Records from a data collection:

○ ○ ○

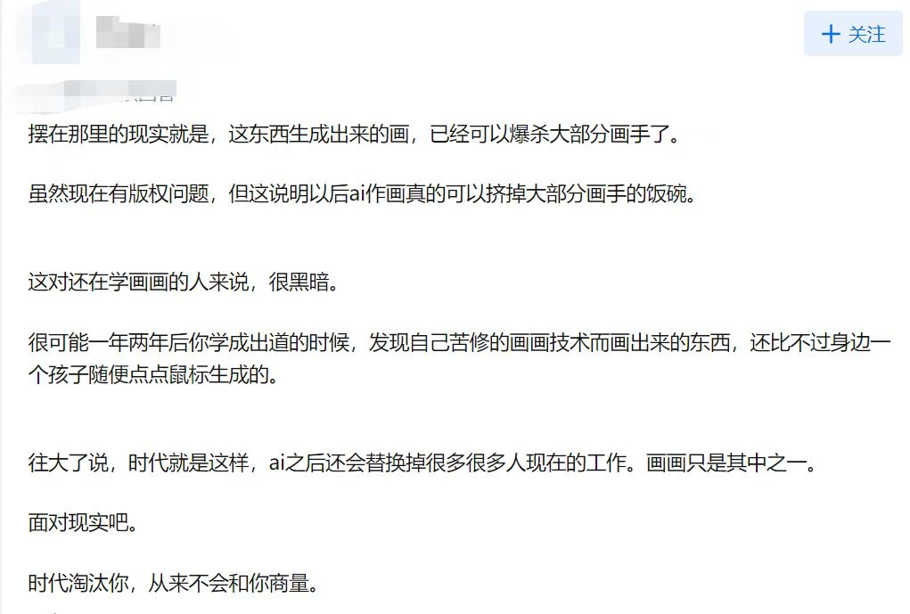 还有网友表示:「AI 绘画可以打败大部分画手了。虽然现在有版权问题,但这说明以后 AI 作画真的可以挤掉大部分画手的饭碗。」
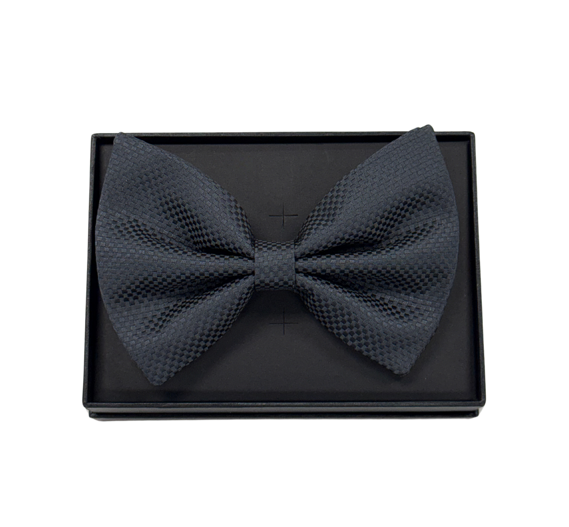 Charcoal bow tie crafted in a tonal textured weave for a modern, understated finish. Matte fabric with a structured silhouette and adjustable strap for a tailored fit.
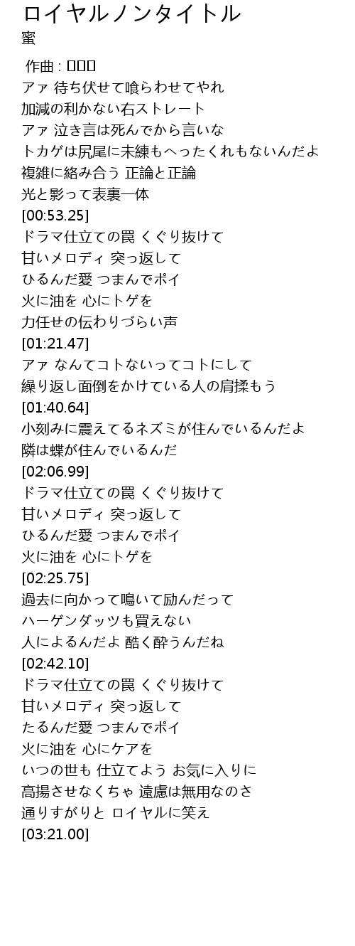 | [03:10.40] | 通りすがりと ロイヤルに笑え |
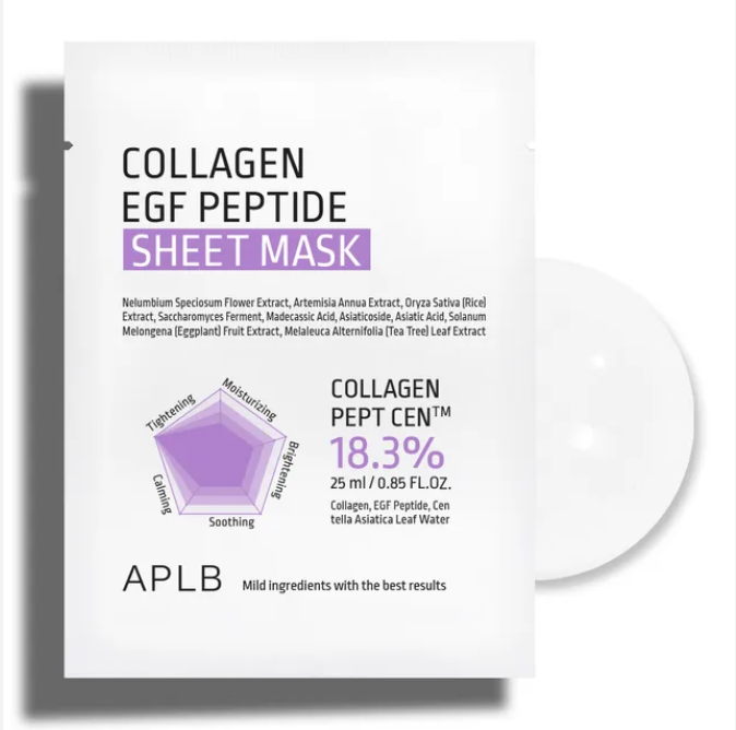 - A sheet mask containing Collagen and EGF Peptide revitalizes dull skin.
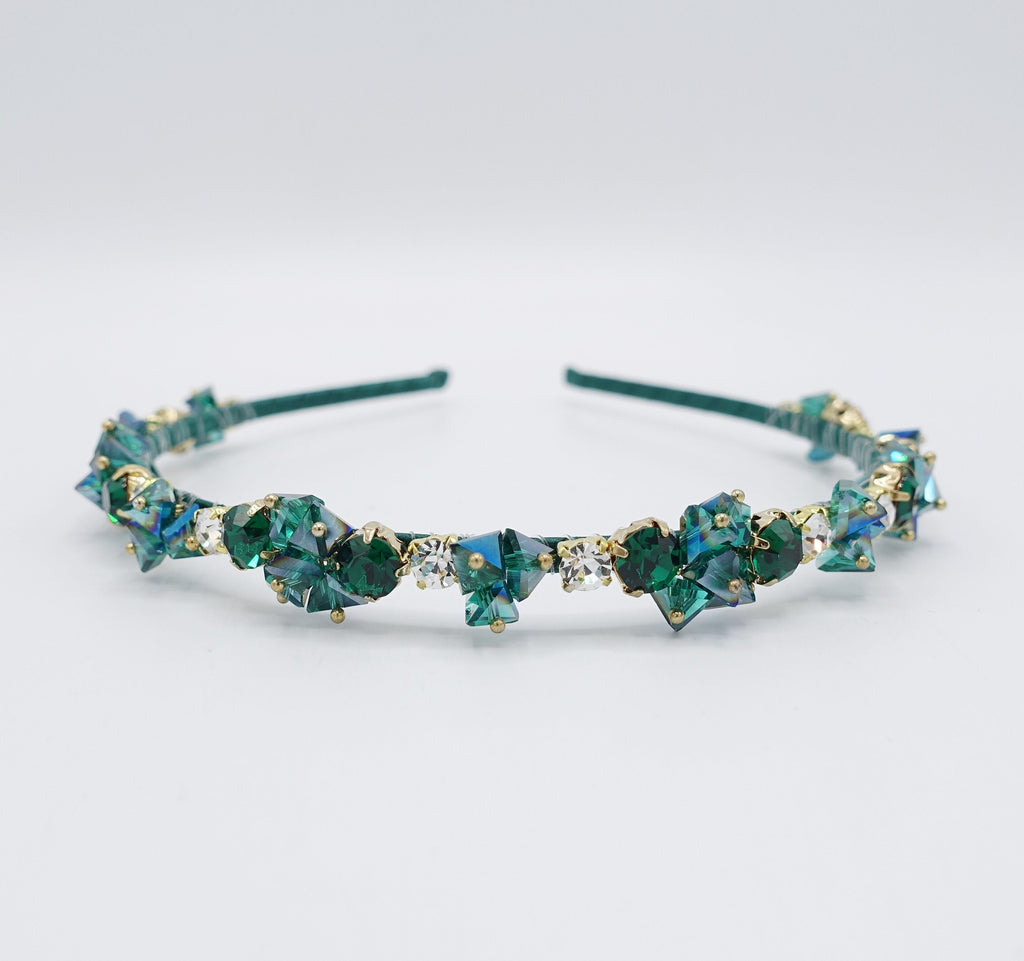 luxury crystal rhinestone headband polyhedron jewel beaded hairband for women
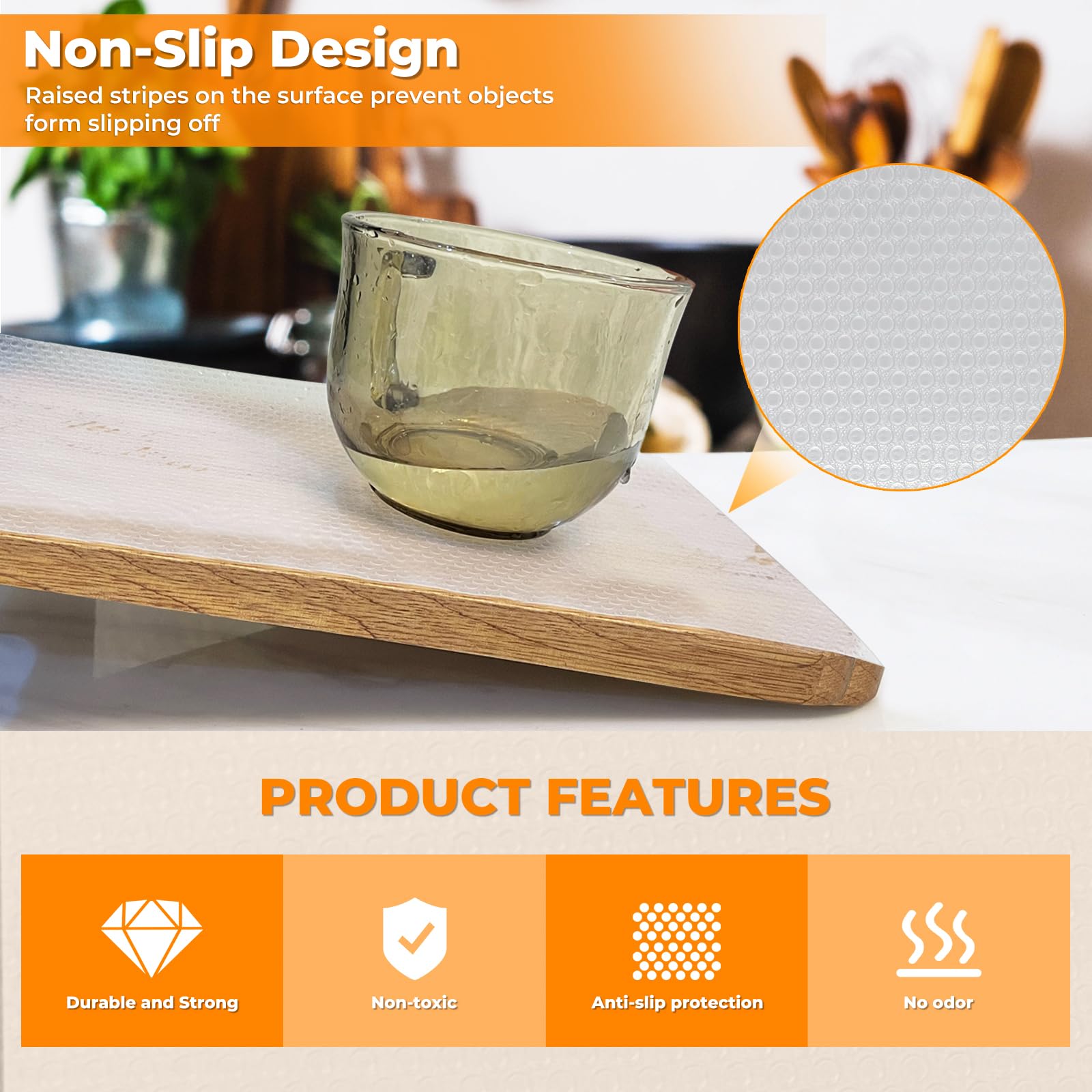 • 【Non-Slip Design】This clear shelf liner surface uses a special Convex dots design, which can effectively prevent glass, tableware or other fragile items from slipping off the tabletop.

○ ○ ○

Directions for this task: Repeat each line of the records exactly. Do not include the pictures.

Problem solution:
 还有网友表示:「AI 绘画可以打败大部分画手了。虽然现在有版权问题,但这说明以后 AI 作画真的可以挤掉大部分画手的饭碗。」
 Charcoal bow tie crafted in a tonal textured weave for a modern, understated finish. Matte fabric with a structured silhouette and adjustable strap for a tailored fit.
 | [03:10.40] | 通りすがりと ロイヤルに笑え |
 - A sheet mask containing Collagen and EGF Peptide revitalizes dull skin.
 luxury crystal rhinestone headband polyhedron jewel beaded hairband for women
 • 【Non-Slip Design】This clear shelf liner surface uses a special Convex dots design, which can effectively prevent glass, tableware or other fragile items from slipping off the tabletop.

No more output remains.